From demigods to traitors
"The sight of Gotabaya Rajapaksa fleeing Sri lanka on an air force plane represents (the downfall) of this family. Their legacy I don't think is a positive one. But one hopes that Sri Lanka will move on in a new direction."
They were once seen as heroes of the nation, the almost mythical warrior-king leaders who defeated the separatists in a bloody civil war.
Yet the final days of Sri Lanka's Rajapaksa dynasty tell a very different tale.
In the early hours yesterday, embattled president Gotabaya Rajapaksa made a hurried exit from the South Asian nation, days after thousands of angry protesters broke into his official residence, swam in his pool, and demanded he finally go.
He had been expected to resign later that day, but Gotabaya Rajapaksa didn't wait around to make it official. Instead, before dawn, he boarded a military plane leaving Colombo and fled to the Maldives.
His departure is a historic moment for the island nation of 22 million, which the Rajapaksas had ruled with an iron fist for much of the past two decades before losing the faith of their once adoring citizens.
"The sight of Gotabaya Rajapaksa fleeing Sri lanka on an air force plane represents (the downfall) of this family," said Ganeshan Wignaraja, senior research associate at the British think tank, ODI Global.
"Their legacy I don't think is a positive one. But one hopes that Sri Lanka will move on in a new direction."
Gotabaya Rajapaksa is not the first member of the family to have been president. His brother Mahinda Rajapaksa, who like Gotabaya was widely considered a "war hero" among the majority population, was elected President in 2005 and achieved near legendary status in 2009 when he declared victory in the 26-year civil war against the Liberation Tigers of Tamil Eelam rebels.
That victory gave Mahinda Rajapaksa an almost inexhaustible well of political capital to draw on and he would go on to enjoy a 10-year grip on power during which he was venerated by Sri Lanka's Sinhalese Buddhist majority. He was popularly referred to as "appachchi" -- the father of the nation -- and people would often bow when he walked past and fear for him when he was unwell.

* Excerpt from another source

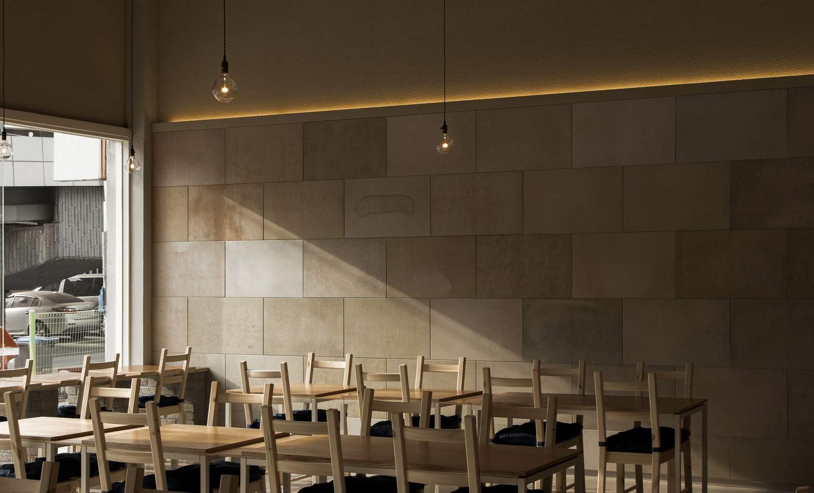 功能布局与细节考量: 项目在功能布局和细节设计上体现了对用户体验的极致追求。在有限的空间内,设计师巧妙地规划了厨房和用餐区域,保证了厨房与用餐区之间的和谐统一。餐厅的布局充分考虑到单人、双人、四人甚至六人用餐的需求,并通过辅助桌的设计,解决了桌子间距较近的问题,为客人提供了便利。此外,设计者还利用建筑现有的山墙结构创造了垂直开放感,并在天花板上安装草席结构,模拟陶碗的呼吸感,营造出舒适的氛围,让顾客在用餐过程中感受到身心的放松。这些细节的考量,使得项目在实用性和舒适性上达到了完美的平衡。

For much of his term, Mahinda Rajapaksa ran Sri Lanka like a family business, appointing his brothers to key positions; Gotabaya as Defense Secretary, Basil as Minister of Economic Development, and Chamal as the Speaker of Parliament.
And while the good times were rolling, despite gripes about nepotism, the brothers remained popular. The country saw years of growth, fueled by the government's vast borrowing from overseas to fund public services.
But the good times weren't to last.
After the end of 30-year-long Tamil Eelam war, the majority Sinhalese Buddhist people comprising 70 percent of the total population threw their might behind the Rajapaksa clan almost elevating it to the status of demi-gods.
The Rajapaksa clan thrived on Sinhalese Buddhist nationalism. The emboldened majority started asserting itself dictating the terms to minority Tamils and Muslims. It suited the politics of Rajapaksa and they also encouraged it. Between 2010 and 2015, they amassed enormous wealth and power.
Their total disregard for the rule of law, contempt for the democratic opposition, extra judicial killings, abductions, judicial manipulations and media muzzling have also earned them a bad name during that period.
They had no rivals to unseat them. Euphoric and ecstatic supporters started to describe Mahinda as the reincarnation of the legendary king Dutugemunu.
The opposition came together to defeat the Rajapaksa clan, and in the 2015 January Presidential elections, Mahinda Rajapaksa suffered a shock defeat at the hands of his own agriculture minister Maithripala Sirisena. The new government had vowed
to permanently end the rule of the Rajapaksa clan.
Mahinda declared that he would come back to rule again. The new national government faltered from Day 1, and in 2019, Rajapaksas were back in power. Actually, they were much stronger and many thought they would be in power for a long time. The Easter Bombings of 2019 also played a major role in their big win.
Rajapaksa came to power on a manifesto promising "Vistas of Prosperity and Splendour", but according to the UN the country now desperately needs humanitarian aid.
The coronavirus pandemic hammered tourism and overseas remittances -- both mainstays of the economy -- leaving it facing a foreign exchange crisis.
Lengthy power cuts are in place as the country does not have dollars to import oil for generators, the nation's 22 million people have been enduring acute shortages of food, fuel and medicines since late last year, and poverty is spreading.
President Gotabaya, full of hubris and no real experience in handling a sensitive matter like economy, did not listen to saner voices both within and outside. Just to stay in power at any cost, the Rajapaksas dismissed all charges against them as bogus that finally forced the people to protest against them.
The same people who were once cheering the Rajapaksa clan as the saviours of Sri Lanka have turned against them calling them "traitors". Now the whole clan is hiding from the wrath of people.
The carefully built invincible image of Rajapaksa now lays in tatters. Their ignominious exit from power has destroyed all the myths built around the family.